Middle East isn’t some 3rd world. If you can imagine futuristic cities, rich Middle East countries are already living in them with all the oil wealth.
They have phones, computers, digital services just like the US and Europe. Makes sense they want a data center in the region, close to them just like the US and Europe have data enters close to their users.
Americans seem to think the middle-east is some dystopian place where everyone is near poverty living in mudhuts, when places like Iran have a higher level of literacy than the USA, with more female college graduates.
There's definitely a lot of issues that need to be addressed at a cultural and social-economical level in places like Dubai exploiting migrant workers like slaves, the UAE, etc... but America has plenty of issues back home at a state by state case. Poverty, infrastructure falling apart, lack of education, lack of affordable health care, lack of job opportunity, high criminality, drug epidemics, etc... Some states feel like entirely different countries when compared to something like New Hampshire.
Even places like NYC and California which are economic hubs have this wide disparity of class, with entire communities of homeless populating the streets at crazy numbers that would make other nations blush (Cali has well over 100k).
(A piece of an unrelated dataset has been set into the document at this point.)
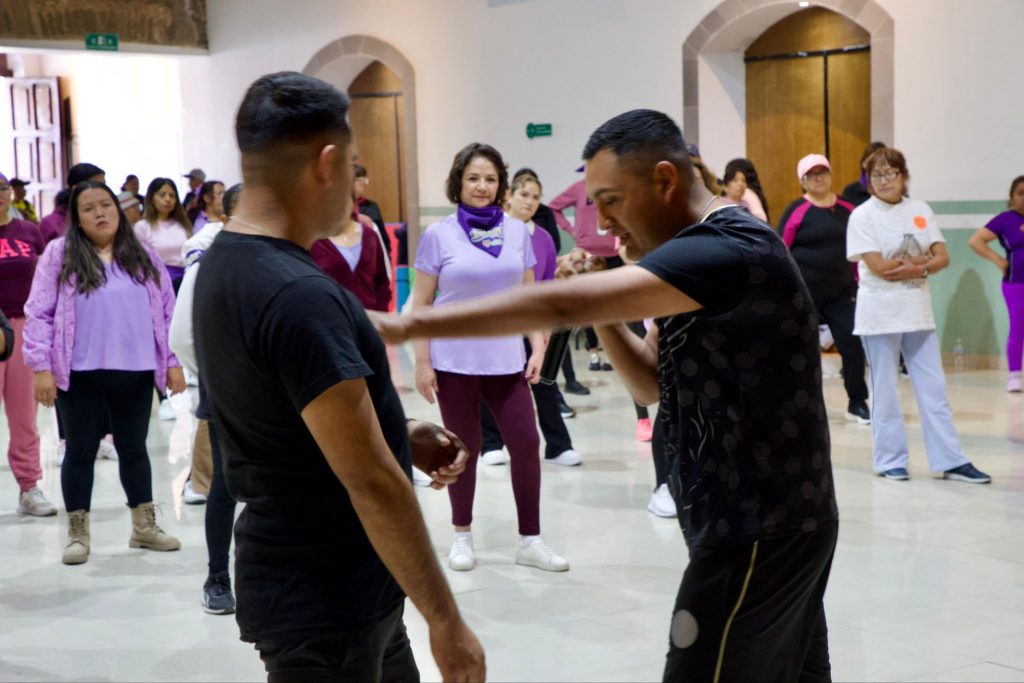 Posteriormente, en el Auditorio Ex Cancha 13, personal especializado de la Guardia Nacional impartió el curso de defensa personal, donde las asistentes recibieron herramientas y técnicas prácticas orientadas a fortalecer su seguridad, confianza y capacidad de reacción ante posibles situaciones de riesgo.

Slight tangent, but to me futuristic cities are actually places like Amsterdam, with cozy streets and bike lanes everywhere, not places like Dubai with 16-lane freeways and a quasi-slave underclass staffing the tacky malls.
If you can imagine dystopian cities, rich Middle East countries are already living in them with all the oil wealth.
So... The future is Dubai? I am still to hear a better argument in favor of extinction.
This reminds me of a quote from "Stranger Than Fiction":
> Harold: "I don't want to eat nothing but pancakes, I want to live! I mean, who in their right mind in a choice between pancakes and living chooses pancakes?"
> Dr. Hilbert: "Harold, if you pause to think, you'd realize that that answer is inextricably contingent upon the type of life being led... and, of course, the quality of the pancakes"
Even 3rd world have those nowadays, unless you talking the more troubled of countries. TBH "3rd world" as a concept is quite outdated.
I'm a bit skeptical on how "futuristic" the cities are. There's a lot of money, sure, but from I can tell the projects are pharaonic in a lot of ways, including being out of touch with the practicality of such projects.
As I understand it in most cases they have enormous wealth disparities, so like the rich in Dubai have pampered tourist experiences but there's also serious issues with like lacking basic sewer infrastructure for ordinary people.